Sandor nodded. “Good. Now I’ve got to head to Federal Plaza to see what the task force has drummed up.”

“Not without me, you’re not,” Ferriello said as he got to his feet.

Sandor looked to the captain.

“Already approved,” the silver-haired officer told him. “Bobby will be our on-site liaison. If that’s all right with your department.”

“Right now we can use all the help we can get.”

CHAPTER EIGHTY-TWO
STEWART AIRPORT, NEWBURGH, NEW YORK

J
UST AS HE
had assured Miguel Lasco, Adina was on schedule. His flight from Santo Domingo made a stopover in Wilmington International Airport in North Carolina to clear Customs and Immigration. The forged passports he procured for Alejandro, Jorge and himself easily passed muster—after all, they were created by the Venezuelan government. A thorough inspection of the plane disclosed nothing improper—neither the cases of anthrax nor the cash from Mateo was found inside the specially constructed bins along the interior of the plane’s fuselage. The three well-dressed visitors from the Dominican Republic were sent on their way without any untoward delay.

The United States is a huge country, Adina reminded himself, with too many harbors, too many airports, and too many miles of border to effectively monitor every unwanted activity. For nations as well as people, size can create both strength and vulnerability.

The jet was soon approaching Stewart Airport, north of Westchester County in New York state. Adina realized the security would be tight at the area’s major airports—LaGuardia, JFK, and Newark. Smaller venues nearer the city, such as White Plains and Teterboro, received many private and charter flights, but they would also be closely watched. A couple of hours north of midtown Manhattan, Stewart provided the perfect point of entry.

While on the ground in Wilmington, Adina received word that Mateo had been captured and turned by the
federales,
and was now cooperating with the American DEA. There was a concern the cocaine
shipment was now in serious jeopardy. However that played out, Adina was especially pleased to have received the down payment provided in Mendez. There might even be a collateral benefit from the Mexican’s betrayal, since he would cause the authorities to focus on the cargo ship heading up the eastern seaboard rather than the journey Adina had undertaken with the anthrax already in hand. Mateo knew nothing of the Venezuelan’s primary objectives or the fact that the anthrax had been removed from the cargo container, so he had nothing to tell them about that.

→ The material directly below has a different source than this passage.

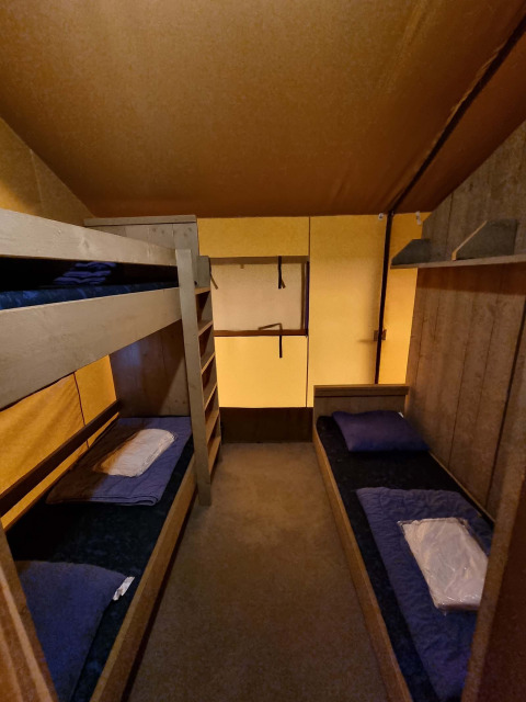 Ces tentes entièrement équipées offrent l'expérience ultime du camping sans les tracas. Elles sont situées sur le côté gauche du parc, à proximité de toutes les installations telles que la piscine, le restaurant et les aires de jeux.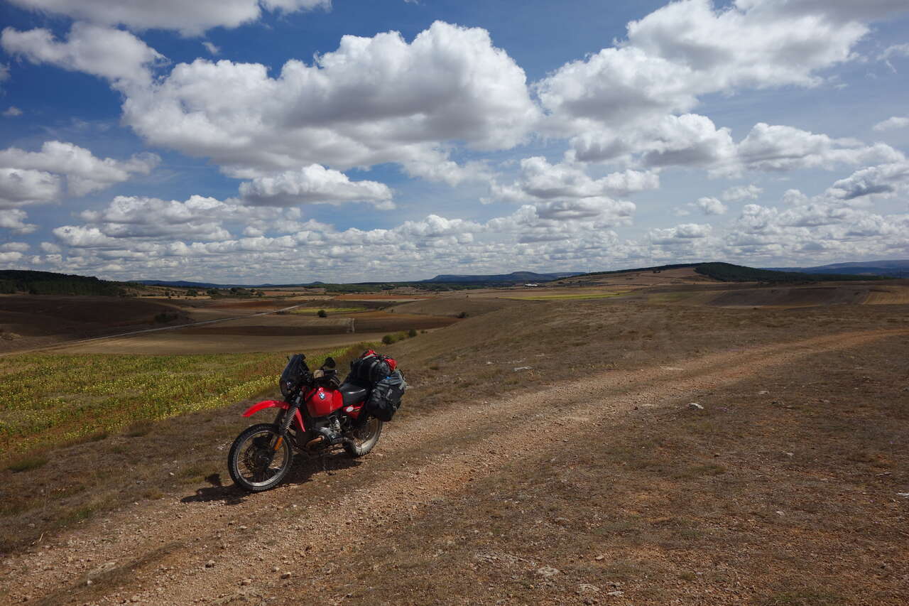 Das Gerumpel wurde dann selbst mir zuviel, also bleib ich erstmal auf der Strasse, zumindest bis zu den Bardenas Reales. In einem Dorf noch schnell vor der Siesta getankt und eingekauft und weiter gehts.

Meanwhile, Adina decided to make some minor modifications to his plans. The new details were put in place and he was about to discuss them with his lieutenants when the pilot came from the cockpit and joined them in the main cabin.

“Gentlemen, we’ll be reaching the airport soon and you will need to put on your seat belts and make yourselves comfortable for landing.”

When the young man lingered, Adina asked, “Is there something else?”

“Yes sir, there is. As you know this is the fourth leg of our trip in the past two days. Our time in the air has already exceeded our permitted flight time.”

Adina responded with a knowing smile. “There are two of you up there. Don’t you take turns getting some rest?”

“Of course, sir, but as a two-man crew there are certain limitations.”

Adina, maintaining his thin-lipped smile, asked, “Is there a point to this? You aren’t suggesting my men come up front and land the plane, are you?”

Alejandro and Jorge gave their best impression of laughter and even the pilot smiled.

“No sir. I was just wondering where we might be going from here. More important, when you expect to leave.” Adina’s smile vanished as he stared at the young man. The pilot broke the uncomfortable silence by saying, “I’ve flown this sort of itinerary for, uh, dignitaries before. I just find it’s helpful to get some idea of the timing.”

“I see,” Adina replied, his tone sounding now like a concerned parent. “You have no need to worry, you’ll have all night to rest up. We will be leaving around dawn.”